Web-scraping with Python and Introduction to text data with Python
in partnership with NCRM
This course provides the foundations for you to understand, execute and communicate text data analysis in a widely recognised software platform that was built for data analysis. Specifically, it will introduce additional skills using the Python programming language and requires prior introductory experience with Python. 
The University of Exeter Q-Step Centre workshop | |
---|---|
Date | 24 - 25 April 2024 |
Place | Clayden Computational Lab |
Provider | The University of Exeter Q-Step Centre |
Event details
This practical-based face to face session will be delivered over two days and will provide you with both the technical programming skills and understanding of data science techniques that you will need to research pre-existing and novel social-political and economic issues and the kind of transferable skills that are currently in demand in the job market.
Text data surrounds us in our lives and comes in different shapes and sizes, e.g. newspaper articles, tweets, product reviews, song lyrics, etc. While it might seem at first glance that this information can hardly be summarized and compared, certain computational techniques allow extracting meaningful information from text data. This course provides the foundations for you to understand, execute and communicate text data analysis in a widely recognised software platform that was built for data analysis
Specifically, it will introduce additional skills using the Python programming language and requires prior introductory experience with Python. 
Requirements:
This training can be standalone with prior Python experience or as a follow on from Introduction to Python and Python for Data Analysis on 22nd and 23rd April 2024
Find out more here
Day 3: Web scraping with Python
- Introduction to Google Colab (students need a functioning gmail/google account they can log into)

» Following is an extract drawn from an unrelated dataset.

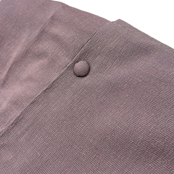 落ち着いた暗めの赤紫色(小豆色や葡萄色のような色合い)に、細かな縞模様のような織りが入った、表情豊かな生地です。

- Pandas dataframes and uploading external data to Colab
- How to scrape a web page and extract text with Beautiful Soup
- How to analyse and visualise text content using the Seaborn library
Day 4: Introduction to Text Data with Python
- Text preprocessing
- Bag of words modelling and count vectorizer
- Lexicon based sentiment analysis using spacy
- Comparative visualisation
The workshop will include refreshments at 09.30 for 10am start, with lunch provided, concluding at 16.00. The duration of sessions may vary day to day with the overall format being a mix of lectures, demonstrations and practical exercises.